== Segment start ==

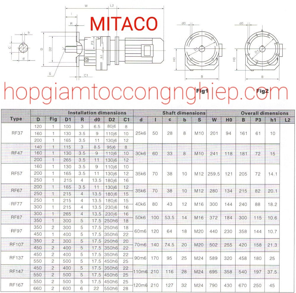 Đường kính cốt trục là 30mm 40mm 50mm 60mm, 70mm 90mm 100mm 110mm 130mm 150mm trục được làm từ thép tôi nhiệt luyện không rỉ sét. Tỉ số truyền có sẵn từ 1/5 tới 1/200. Miền bắc gọi là i = ratio = 5 cho tới = 200. Tốc độ trục ra có từ 10 vòng / phút tới 400 vòng / phút.
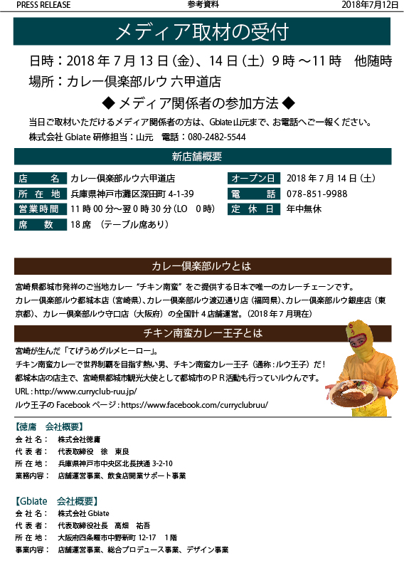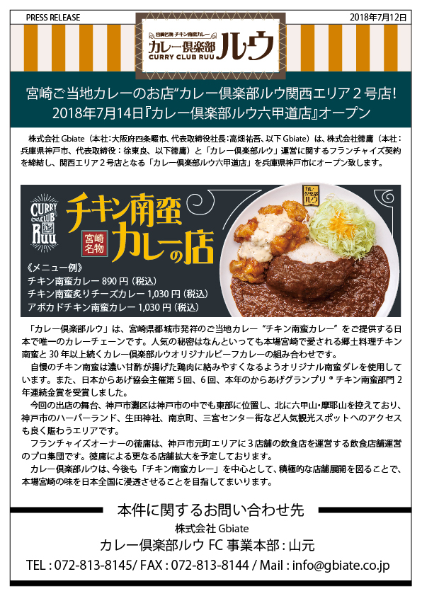 「カレー倶楽部ルウ」は、宮崎県都城市発祥のご当地カレー“チキン南蛮カレー” をご提供する日本で唯一のカレーチェーンです。人気の秘密はなんといっても本場宮崎で愛される郷土料理チキン 南蛮と30年以上続くカレー倶楽部ルウオリジナルビーフカレーの組み合わせです。 自慢のチキン南蛮は濃い甘酢が揚げた鶏肉に絡みやすくなるようオリジナル南蛮ダレを使用して います。また、日本からあげ協会主催第5回、6回、7回、本年のからあげグランプリチキン南蛮部門金賞を受賞しました。 今回の出店の舞台、神戸市灘区は神戸市の中でも東部に位置し、北に六甲山・摩耶山を控えており、 神戸市のハーバーランド、生田神社、南京町、三宮センター街など人気観光スポットへのアクセス も良く賑わうエリアです。 フランチャイズオーナーの徳庸は、神戸市元町エリアに3店舗の飲食店を運営する飲食店舗運営 のプロ集団です。徳庸による更なる店舗拡大を予定しております。 カレー倶楽部ルウは、今後も「チキン南蛮カレー」を中心として、積極的な店舗展開を図ることで、 本場宮崎の味を日本全国に浸透させることを目指してまいります。
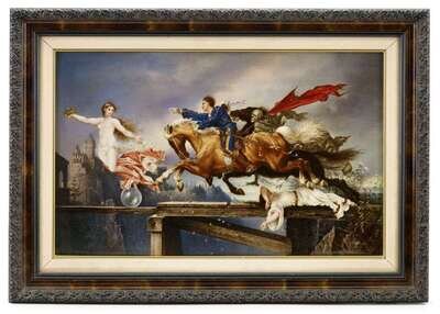 Rectangular form, finely painted to show a mounted rider emblematic of Avarice, galloping across a bridge over a chasm to chase gold coins being thrown by a semi-nude maiden emblematic of Fortune, as Death on a black horse follows closely behind, a view of a castle in the background at the left, signed 'Wagner' lower right, impressed KPM and sceptre marks verso, within molded wooden frame.
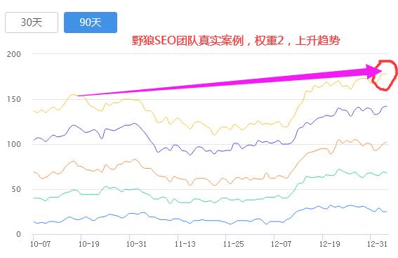 但如果是要去看長周期,也會(huì)看到有時(shí)候出現(xiàn)一些略微大型的波動(dòng),但你會(huì)發(fā)現(xiàn),從波峰來看,他是上升趨勢(shì)的。如果是再長一點(diǎn)周期,你會(huì)看到他從當(dāng)初的一點(diǎn)排名沒有,精力波折,最后變成一百多個(gè)關(guān)鍵詞排名靠前:
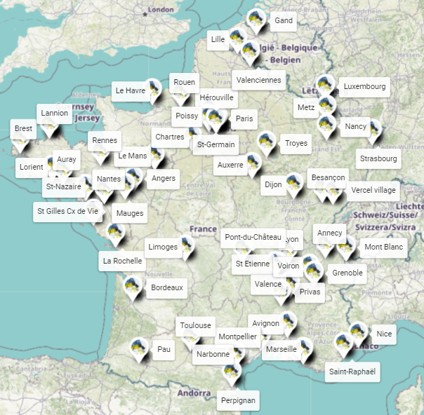 Carte interactive des événements du collectif national « Ensemble le 24 février / Разом 24 лютого »
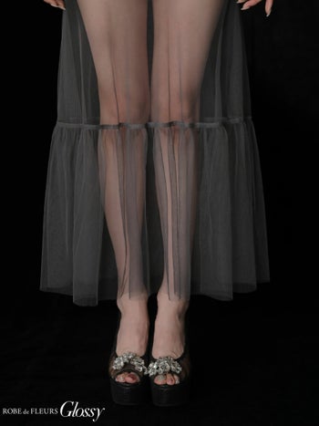 キャバドレス Glossy ROBE de FLEURS グロッシー ローブドフルール オフショルダー ラメニット セットアップ チュール シースルー ドレープ Aラインロングドレス
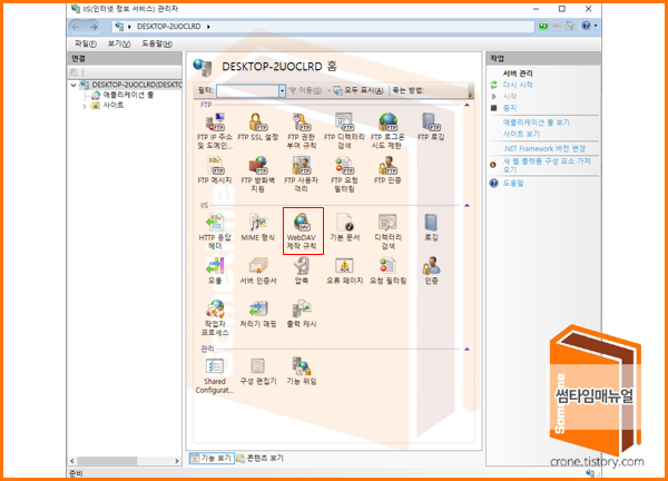윈도우 키를 눌러 IIS를 입력하면 인터넷 정보 서비스 관리자를 찾아볼 수 있으며 해당 화면을 선택하게 되면 WebDAV 을 관리할 수 있다.
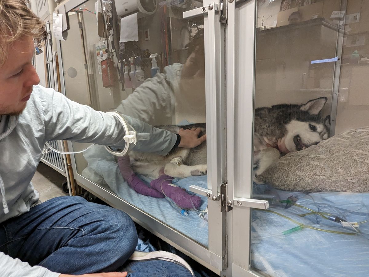 Brandy is hospitalized at the VCA Alameda East Veterinary Hospital critical care unit for burns in her tongue and esophagus following exposure to a caustic chemical, as well as aspiration pneumonia. Her care is intensive and will require careful follow up, but she's fighting her hardest to come home. During her visit, she's needed IV medications for pain and infection, a tracheostomy, supplemental oxygen, and a tube for nutrition.

== Segment end ==

• _Work required_:
Above are some records. Reproduce the lines from the one with "Carte interactive des" down to the one with "윈도우 키를 눌러 IIS를", keeping both, and leave every picture out.

• _Result for this exercise_:
 Carte interactive des événements du collectif national « Ensemble le 24 février / Разом 24 лютого »
 キャバドレス Glossy ROBE de FLEURS グロッシー ローブドフルール オフショルダー ラメニット セットアップ チュール シースルー ドレープ Aラインロングドレス
윈도우 키를 눌러 IIS를 입력하면 인터넷 정보 서비스 관리자를 찾아볼 수 있으며 해당 화면을 선택하게 되면 WebDAV 을 관리할 수 있다.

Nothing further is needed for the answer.